• _Brief_
Using the data below, output a verbatim copy of the lines between the one holding "潍坊东方企业家俱乐部会长王大" and the one holding "Panier à linge", inclusive, without any pictures.

....................

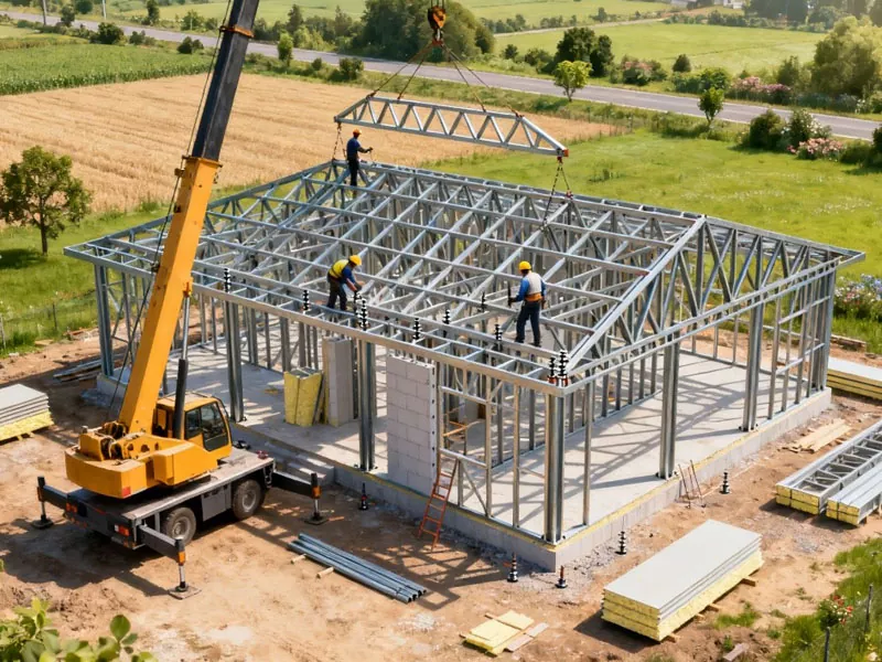 • Hausbau mit grüner StahlkonstruktionHausbau mit grüner Stahlkonstruktion
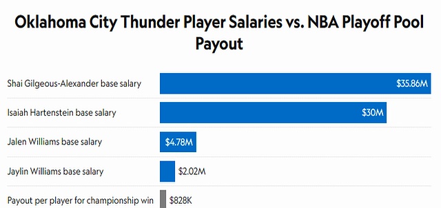 雷霆队,联盟最年轻的球队,工资也低,要是真夺冠了,能拿1240万美元,平均每人82.8万美元。
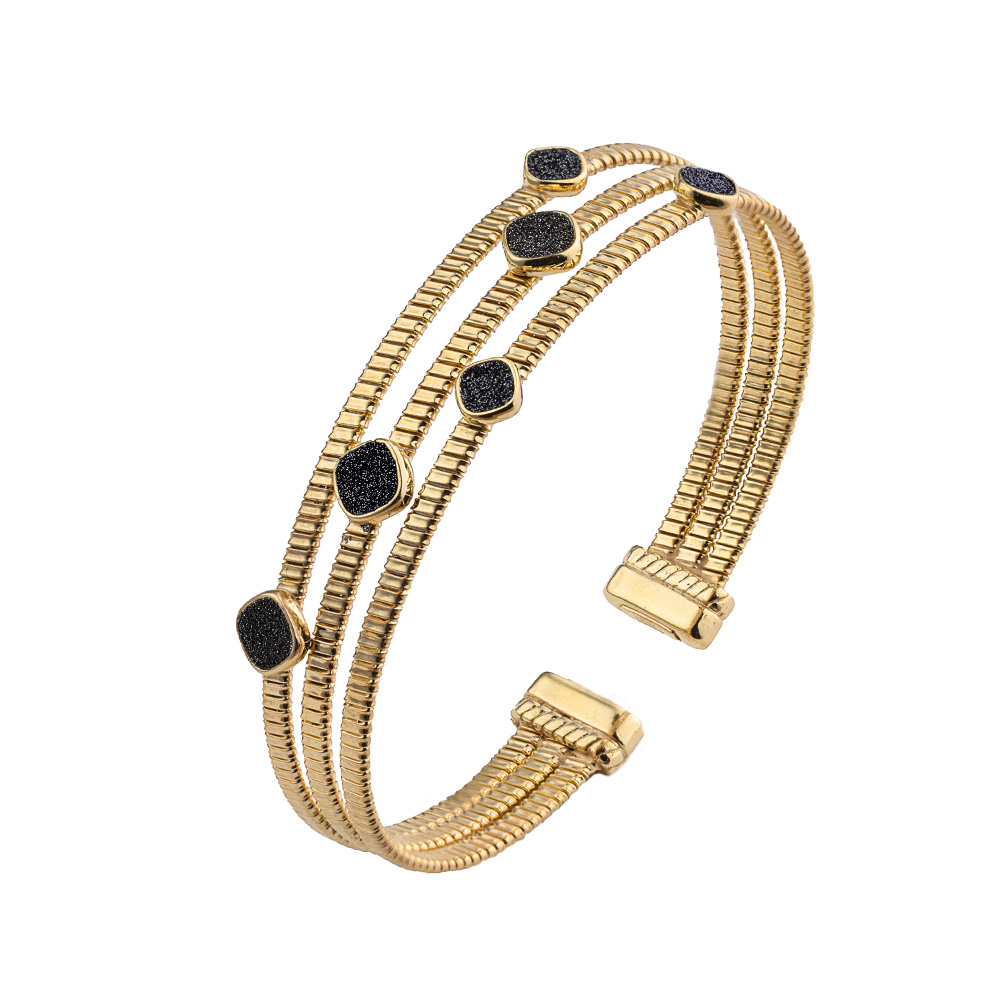 A striking and modern open bracelet by Rebecca featuring a refined triple-row gold-tone design. The bracelet is embellished with genuine black diamonds, adding depth, contrast, and luxurious sparkle. The open structure ensures comfortable and effortless wear.
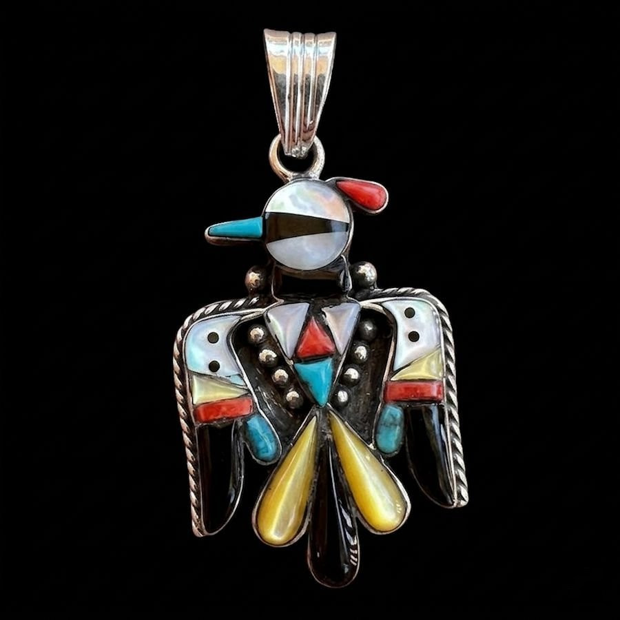 Hand-carved pendant in 925 sterling silver set with multicolored stones.
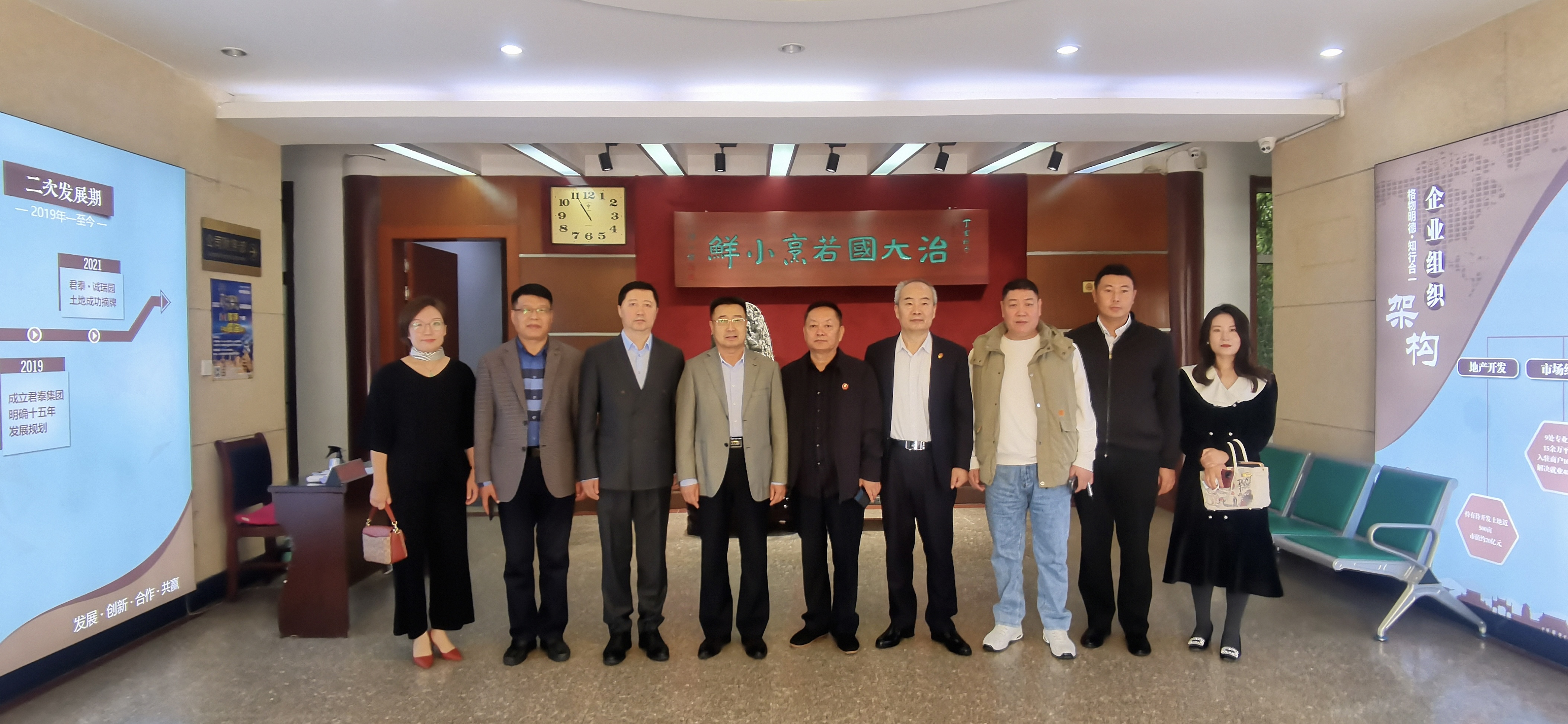 潍坊东方企业家俱乐部会长王大威,常务会长韩宝晶、张光文,驻会秘书长张帅帅;潍坊市钢铁贸易商会会长蒋世昌,秘书长王俊海,王佳璇,范永刚等参加此次走访。北苑街道商会会长,君泰集团党委书记王俊仁做热情接待。
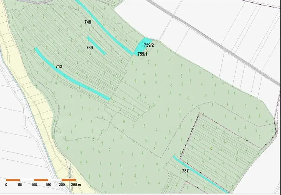 Jedná se o prodej lesních pozemků menší výměry, většinou úzkého protáhlého tvaru, rozptýlených po komplexu lesů v k.ú. Dolní Vilémovice. Na pozemcích se nachází mýtní porost BO, porost na pozemku parc. č. 787 byl vytěžen.
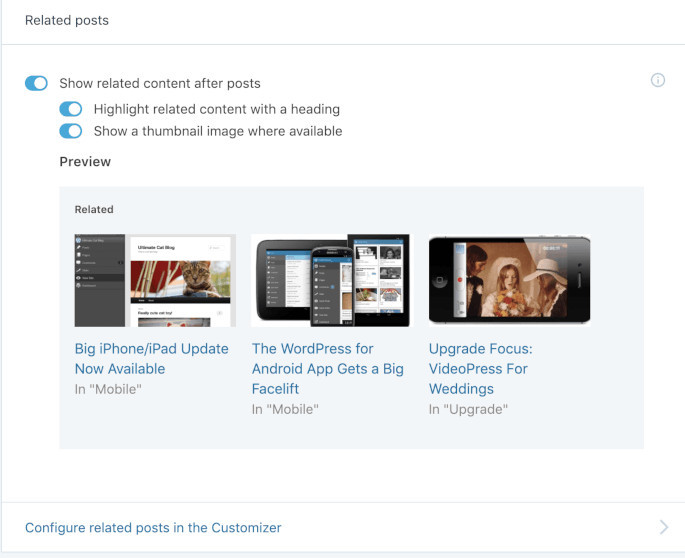 For more information, check out this support article. Most sites that activate this see an increase in traffic. Unlike many other related post plugins, we do all the analysis, processing, and serving from our cloud, so there is no additional load on your server. That’s why Jetpack Related Posts are allowed on web hosts even when similar plugins are banned.
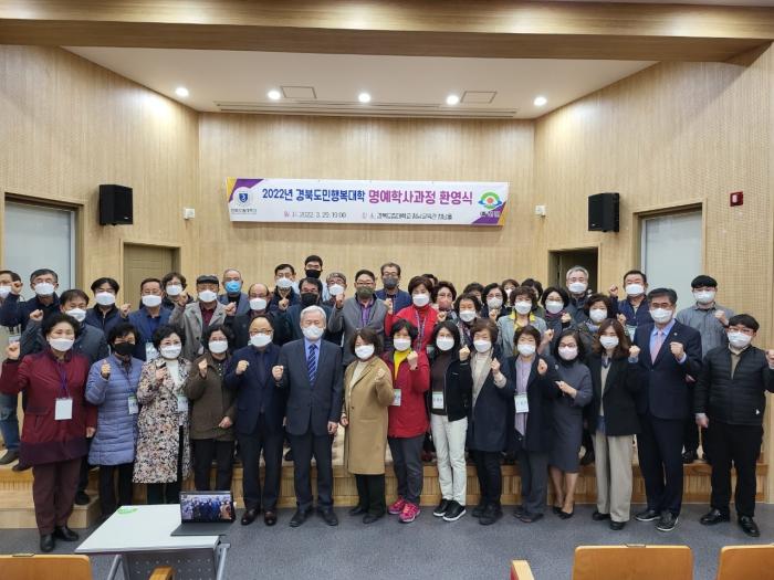 예천군은 지난 29일 경북도립대학교(총장 김상동) 청남교육관 청남홀에서 수강생 50여명이 참석한 가운데 ‘2022년 경북도민행복대학 예천캠퍼스 명예학사과정’을 개강했다.
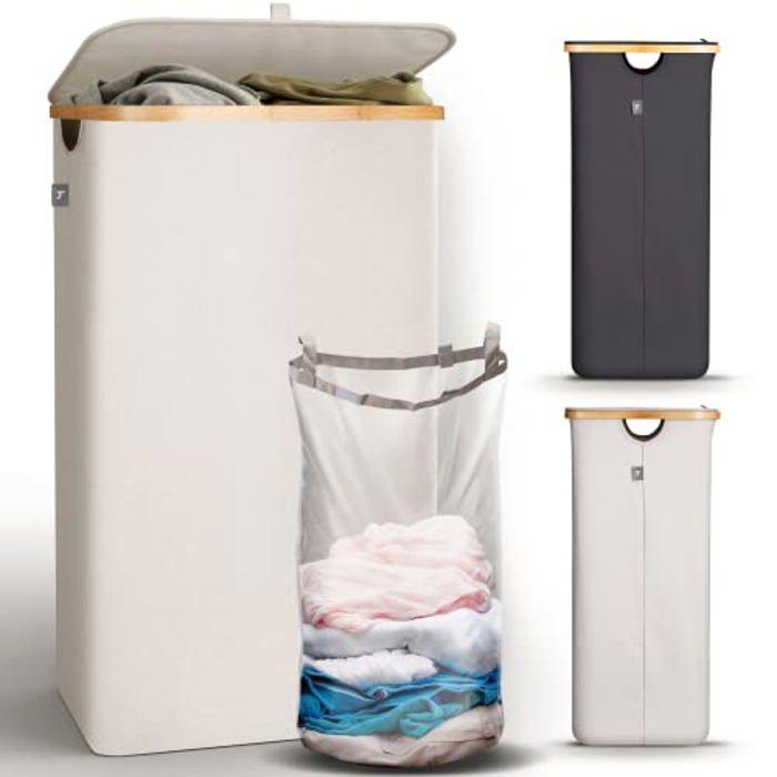 Panier à linge - HENNEZ - Panière Linge Couvercle - 100L - Beige - Poignée Bambou
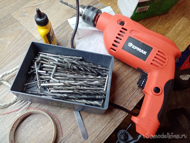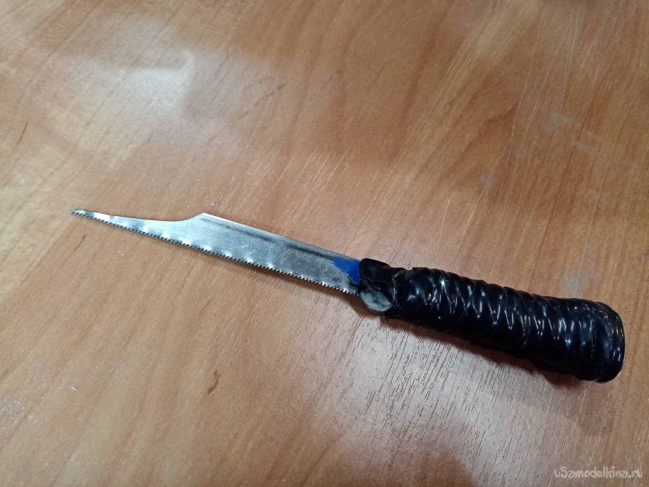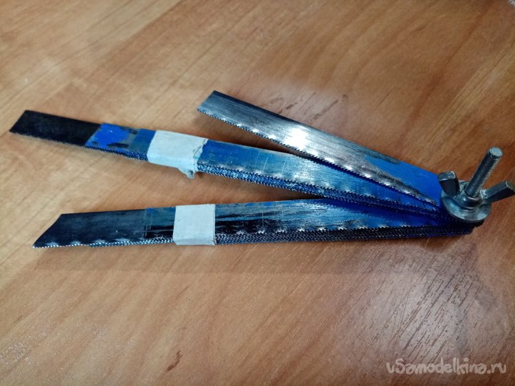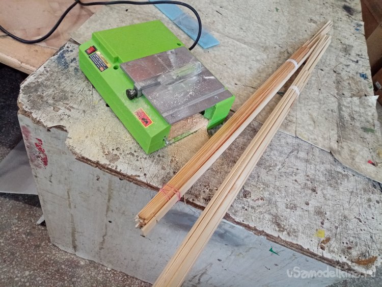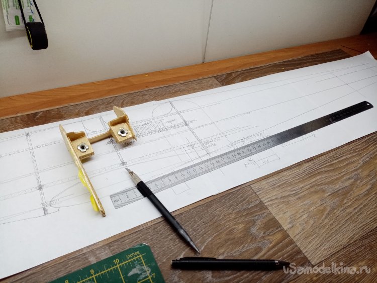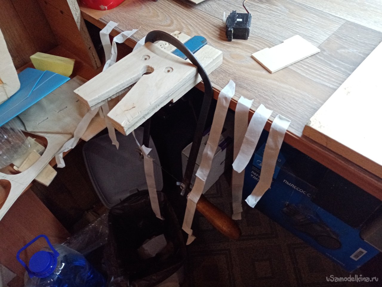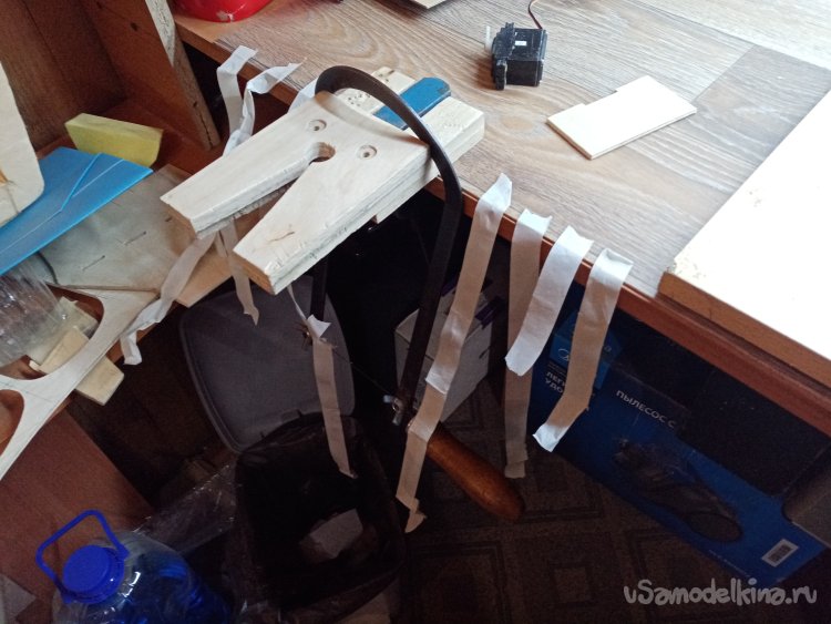 Затем в конструкцию нужно врезать продольные рейки усиления. Размечаю места установки и пропиливаю пазы своим приспособлением. Изготовленным и пакета пилок по металлу. Можно комбинировать ширину пропила добавляя или убирая пилки. В полу вырезал отверстия для установки сервоприводов и примерял. Что-то сильно могучие там стоят. Но не буду переделывать, поскольку их тоже презентовали. Все получилось, с первого раза пропилил, подогнал, можно клеить. В работах по дереву использую клей ПВА.

....................

• _Answer below_
 潍坊东方企业家俱乐部会长王大威,常务会长韩宝晶、张光文,驻会秘书长张帅帅;潍坊市钢铁贸易商会会长蒋世昌,秘书长王俊海,王佳璇,范永刚等参加此次走访。北苑街道商会会长,君泰集团党委书记王俊仁做热情接待。
 Jedná se o prodej lesních pozemků menší výměry, většinou úzkého protáhlého tvaru, rozptýlených po komplexu lesů v k.ú. Dolní Vilémovice. Na pozemcích se nachází mýtní porost BO, porost na pozemku parc. č. 787 byl vytěžen.
 For more information, check out this support article. Most sites that activate this see an increase in traffic. Unlike many other related post plugins, we do all the analysis, processing, and serving from our cloud, so there is no additional load on your server. That’s why Jetpack Related Posts are allowed on web hosts even when similar plugins are banned.
 예천군은 지난 29일 경북도립대학교(총장 김상동) 청남교육관 청남홀에서 수강생 50여명이 참석한 가운데 ‘2022년 경북도민행복대학 예천캠퍼스 명예학사과정’을 개강했다.
 Panier à linge - HENNEZ - Panière Linge Couvercle - 100L - Beige - Poignée Bambou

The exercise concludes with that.